═════ MATERIAL SHOWN

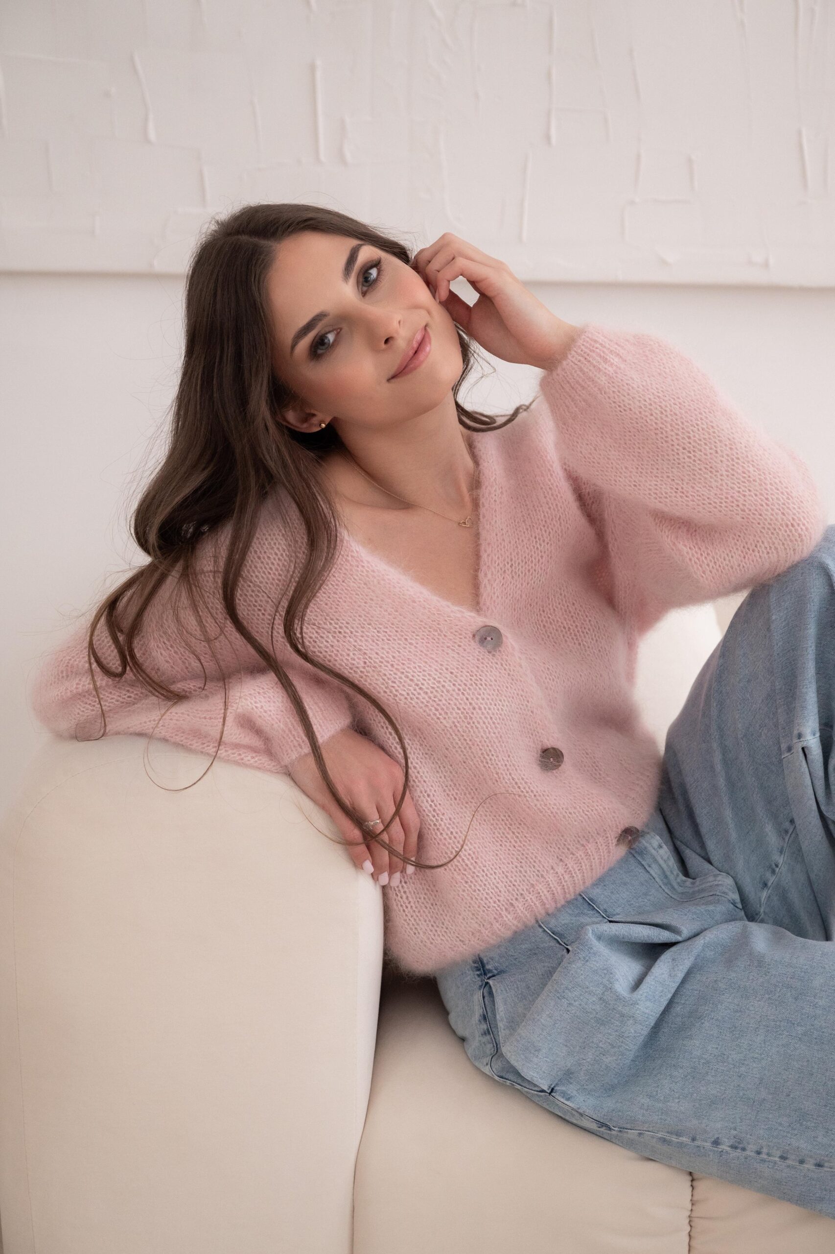 Krótki kardigan GINGER zapinany na guziki z masy perłowej, wykonany z luksusowej przędzy baby alpaka. Niezwykle miękki i lekki, a jednocześnie ciepły, delikatnie otula sylwetkę i zapewnia komfort noszenia przez cały dzień. Subtelny połysk guzików z masy perłowej dodaje całości szlachetnego charakteru. To ponadczasowy element garderoby, który doskonale dopełni zarówno codzienne, jak i bardziej eleganckie stylizacje.
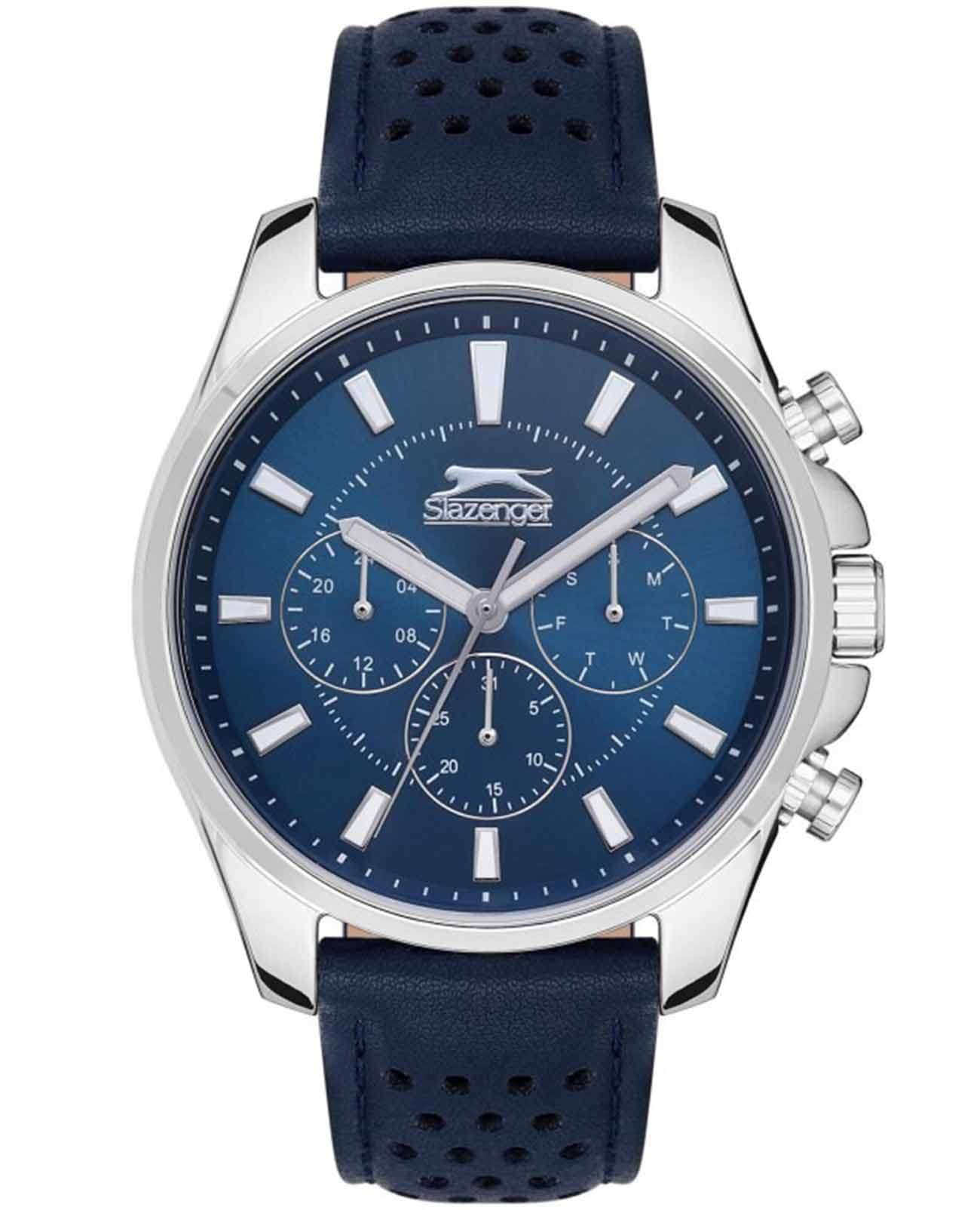Часы Slazenger SL.09.2134.2.04 воплощают в себе элегантность и практичность, идеально подходящие для современных мужчин. Их синий циферблат, защищенный минеральным стекломМинеральное стеклоМинеральное стекло представляет собой искусственно выращенный минерал кварца. Такое стекло отличается особой устойчивостью к повреждениям и царапинам. Уступает по некоторым качествам сапфировому стеклу., заключен серебристый глянцевый корпус диаметром 46 мм, который изготовлен из прочного суперметалла. Часы оснащены двойным форматом времени (12 и 24 часа), указателем дней недели и удобным окошком даты. Надежный кварцевый механизм обеспечивает точность, а водозащита 5 ATM делает их устойчивыми к воздействию воды. Ремень из натуральной кожи синего цвета имеет классическую застежку, что позволяет легко регулировать его длину на запястье. Люминесцентное покрытиеЛюминесцентное покрытиеПозволяет считывать показания времени в темноте. Производители наносят на стрелки, часовые индексы, безель или поверхность циферблата светонакопительный состав, дающий холодное свечение. на стрелках и метках обеспечивает отличную видимость в темноте.
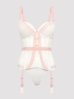Get chests heaving with this Regency-inspired basque set. Formed in elegant ivory lace with soft pink detailing, this gorgeous set balances beguiling femininity with red-hot sex appeal. Pair with gloves and stockings to really bring the fantasy to life.
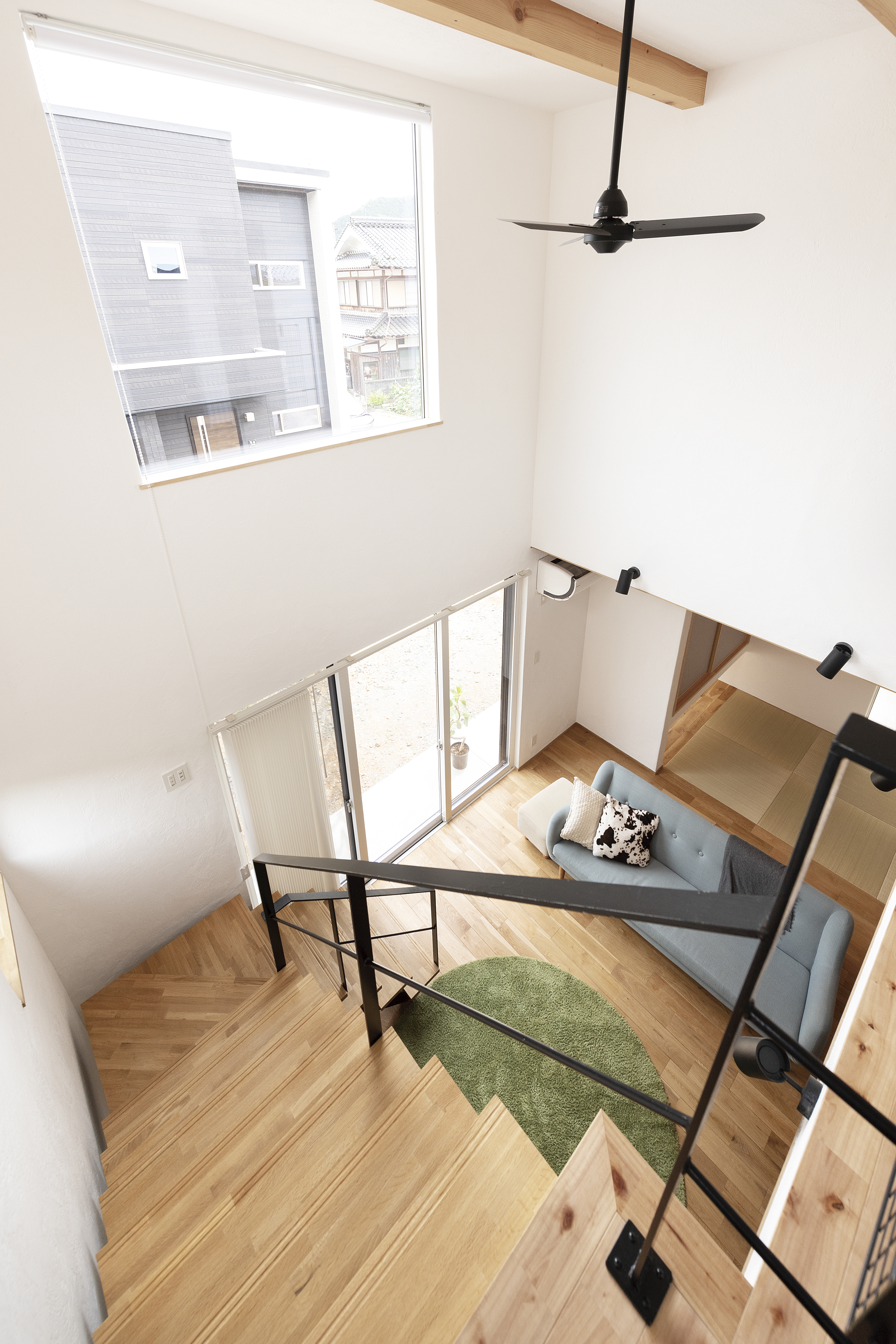 吹抜と鉄骨階段のあるLDKには、大きな窓から自然の光がたっぷり!鉄骨階段の手すりが奥まで開け、お家を広く演出する工夫もされています^^
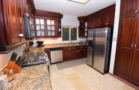 COCINA PANTRY CON TODAS LAS PUERTAS Y JAMBAS EN CAOBA, GRANITO CON FREGADERO EN INOX. ESTUFA DE GAS, LAVADORA DE PLATO, REFRIGERADORA DOBLE PUERTAS CON ICEMAKER.
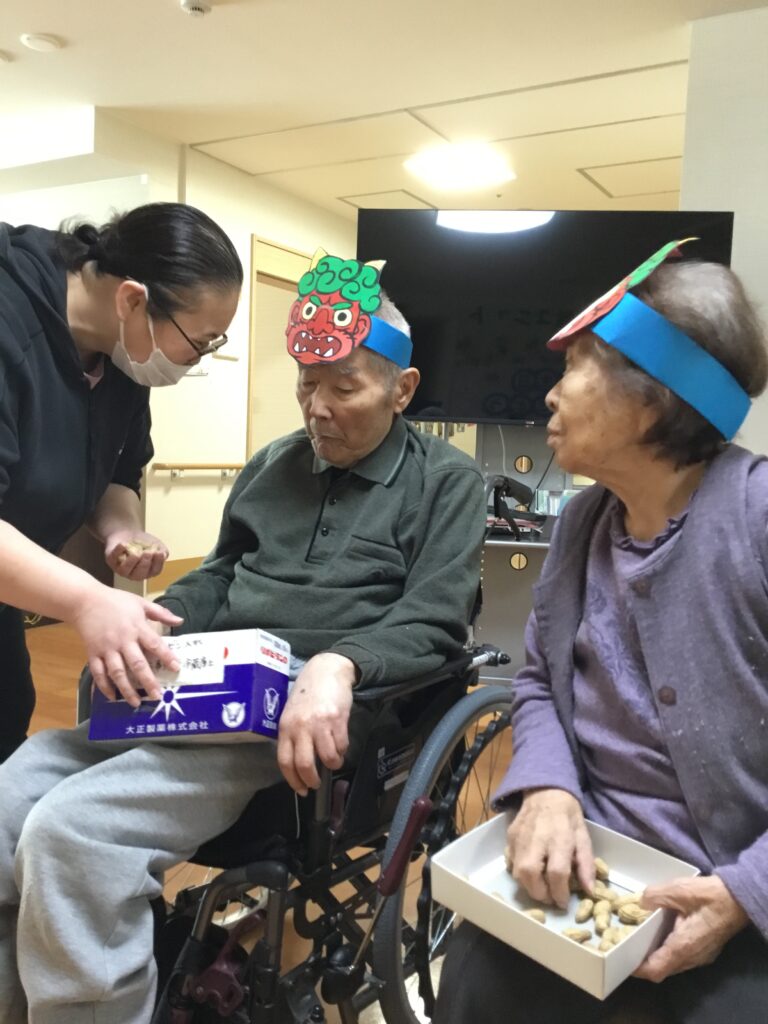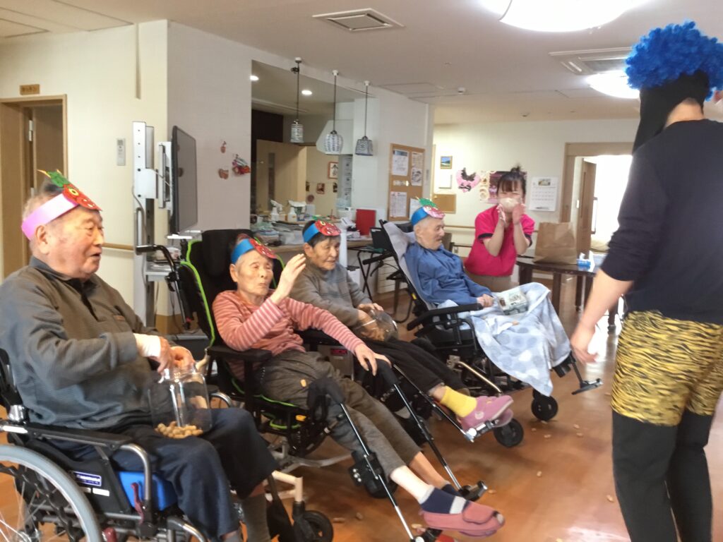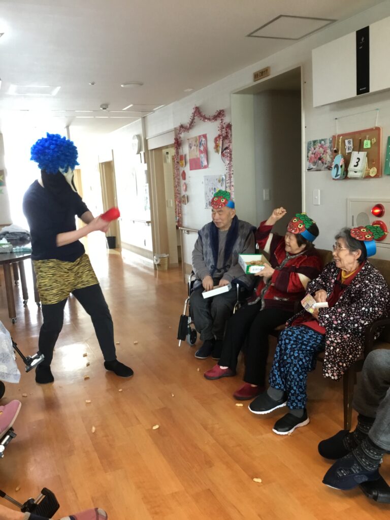 鬼は外! 2026.2.18 のなかの里では毎年恒例の節分をおこないました! 節分に限らず、季節の行事は生活にメリハリを提供するなどの意味があります! また特に冬季は屋内中心の時間が多くなり、時間の感覚や季節感を感じることが少なくなりがちです。 利用者様も楽しんでいる様子で節分に参加していただきました! 節分の様子をお伝えいたします!

══════════

No pictures should appear in the copy. Reproduce exactly the lines from the line containing "吹抜と鉄骨階段のあるLDKに" through the last line of the data, inclusive.

ANSWER TO THE PROBLEM:
 吹抜と鉄骨階段のあるLDKには、大きな窓から自然の光がたっぷり!鉄骨階段の手すりが奥まで開け、お家を広く演出する工夫もされています^^
 COCINA PANTRY CON TODAS LAS PUERTAS Y JAMBAS EN CAOBA, GRANITO CON FREGADERO EN INOX. ESTUFA DE GAS, LAVADORA DE PLATO, REFRIGERADORA DOBLE PUERTAS CON ICEMAKER.
 鬼は外! 2026.2.18 のなかの里では毎年恒例の節分をおこないました! 節分に限らず、季節の行事は生活にメリハリを提供するなどの意味があります! また特に冬季は屋内中心の時間が多くなり、時間の感覚や季節感を感じることが少なくなりがちです。 利用者様も楽しんでいる様子で節分に参加していただきました! 節分の様子をお伝えいたします!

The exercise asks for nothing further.